EXERCISE OBJECTIVE: For this exercise, print the listing below exactly, without its pictures.

PROVIDED MATERIAL:

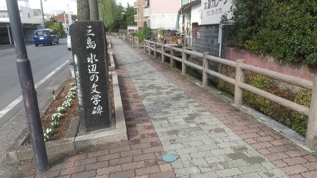 白滝公園から桜川沿いに三島大社までの間の散歩道に文学碑が並んでいます。
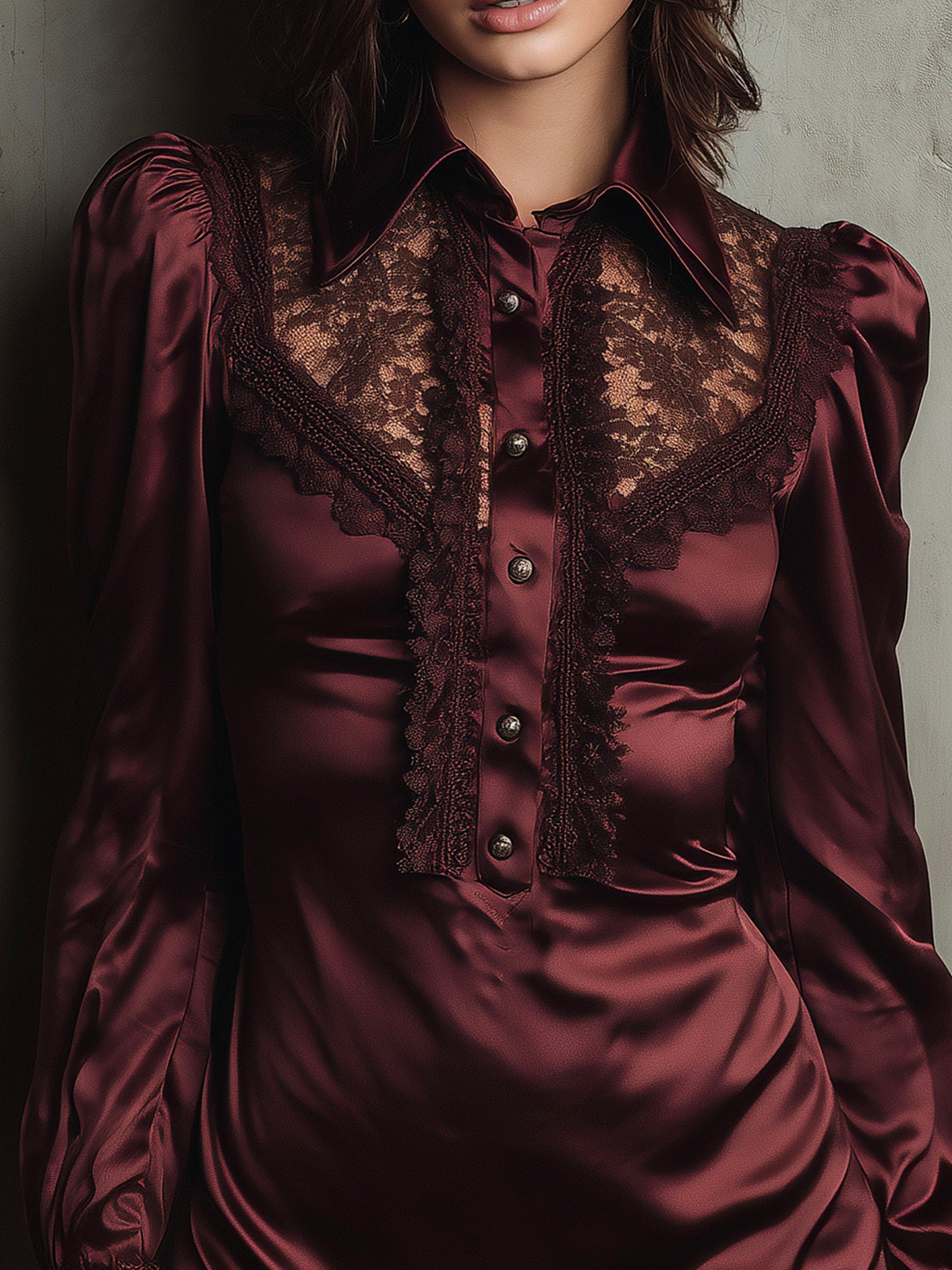 Vintage Burgundy Satin Mini Dress With Lace Accents
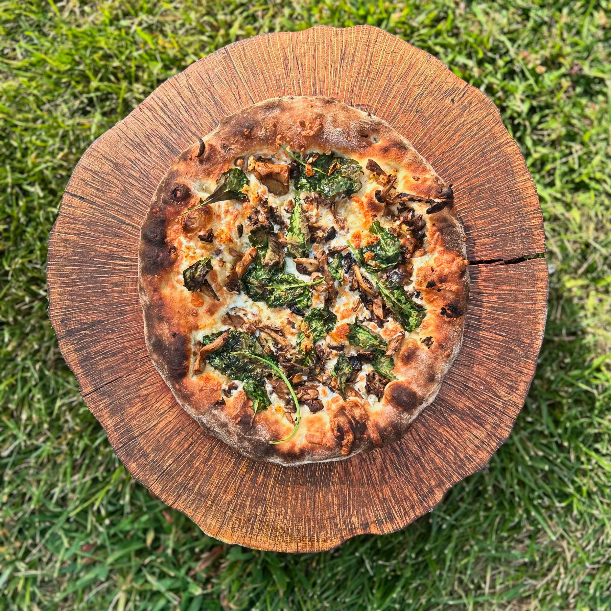 Wood-fired pizzas cooked to order in a wood-fired oven

TASK RESPONSE:
 白滝公園から桜川沿いに三島大社までの間の散歩道に文学碑が並んでいます。
 Vintage Burgundy Satin Mini Dress With Lace Accents
 Wood-fired pizzas cooked to order in a wood-fired oven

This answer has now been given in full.